她轉身鉆進廚房,把籃子里的連衣裙藏到角落,才挽起袖子開始做飯。
現在沈芳菲也回學校了,住校的話得周五才回家。
也就是說,平時就她和宋謹華倆人在家。
那可得好好把老太太忽悠……哦不,是穩住了。
主要是這老太太又不上班,每天退休在家就弄弄花草看看報,時間長了,有什么動靜都瞞不過她啊。
許輕輕盯著炤臺上沸騰的瓦罐,摸著下巴……該想個什么辦法,讓宋謹華不要把注意力放在她身上呢?
……
許輕輕把昨天剩下的豬肉切碎了炒肉沫茄子,又把土豆刮絲蒸熟后烙了幾個土豆絲脆餅,知道老太太喜歡清淡口,便又白灼了個大白菜。
這個季節,尤其是北方城市,秋冬能吃的,無外乎就是這些菜。
許輕輕盡量每天變著花樣做。
銀耳不是她另買的,第一天做飯她就看到櫥柜里有不少干貨,蘑菇銀耳這些就不說了,還有麥乳精和蜂王漿,雜七雜八的不老少,也不知道是宋謹華自己買的還是別人送的。
冰箱最下面的冷凍柜里,還有好幾塊臘肉,和香腸。
那天許輕輕隨意瞟了眼,發現廣味川味的都有,一看便知道是人送的。自家灌香腸一般不會把口味做這么雜。
就沈家這條件,即便兩三個月不買菜,冰箱里的肉估計也吃不完。
難怪趙梅在沈家做保姆時,一天天那么眼紅呢。
銀耳羹燉好后,許輕輕端出去給宋謹華,在她對面坐下:“媽,您平時在家都喜歡做點什么呀?”
“我一個老太婆,能做什么。”
宋謹華的生活習慣,從某些方面來說,還保留了當年民國大小姐的痕跡,喜歡文雅清貴的東西,不喜吵鬧,也不喜俗事。
許輕輕狀似無意提起:“其實人上了點年紀,要多走動。我以前認識一個老中醫,他就說,老年人如果每天步行八千步,就能避免很多疾病發生。”
“當真?”宋謹華半信半疑。
“真的。”許輕輕信誓旦旦,“人家是個很厲害的中醫,傳了好幾代人呢,聽說祖上是太醫。不過您知道的,前些年家里遭了殃,才被下放到農村,給我們村里癱了好幾年的人都治好了。”

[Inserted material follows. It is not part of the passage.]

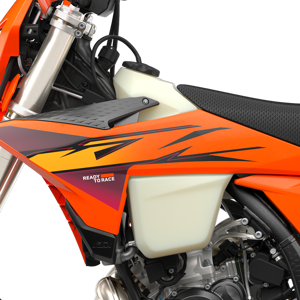 The transparent, polythene (XPE) fuel tank is a signature element of the KTM Enduro lineup. Having undergone thorough race testing in everything from the GNCC to the hardest of FIM hard enduros, these tanks are built, well, like tanks! A one-piece fuel pump and filter manage fuel supply, while servicing is made extra simple with easy fuel filter access. What's more, an updated fuel tank roll now holds the tank more firmly in place and protects the frame against scrubbing.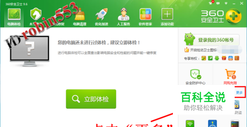 将U盘插入电脑,备份U盘中的重要文件。打开60安全卫士软件,然后点击右侧功能大全旁的“ 更多”。

“聽著倒是有點道理。”宋謹華若有所思,“我最近是覺得坐久了腰有點疼,趕明兒出去走走試試。”
“哎。”許輕輕露出欣慰的笑容。
……
“簡直胡鬧!”
紅三團二樓辦公室里。
曹磊一把將那封作戰申請書拍在桌上,指著沈霆嶼:“你竟然也不跟我商量一下,就打了作戰申請!”
“那可是上戰場。”曹磊激動得團團轉。
沈霆嶼神情平靜:“我知道是上戰場。”
“你!”曹磊扯過一把椅子,在他對面坐下,苦口婆心勸道,“我知道你想繼承你爸的遺志為國效力,咱們軍人的天職就是上戰場。可你……你不是這剛打結婚報告嗎?做什么這么著急啊?”
“聽我的,且先等等。”
左右張望一圈,又去把門鎖上,確認辦公室里沒別人,曹磊才壓低聲音道,“我剛得到上頭口風,這西南邊境的戰事一時半會兒停不了,據可靠消息,后面還會有幾波拉鋸戰,為的就是消耗敵方生力軍和彈藥庫,打掉他們的基礎建設,拉長他們的補給線,好給我們……”
“我知道。”沈霆嶼語氣仍然平靜,甚至帶著幾分冷肅,“但這不妨礙我申請上前線。”
“你!你怎么就不聽我把話說完呢。”曹磊急了,“我知道你想上戰場立功,可那邊戰線一但拉長,輪也能輪到咱們軍去,你懂嗎?”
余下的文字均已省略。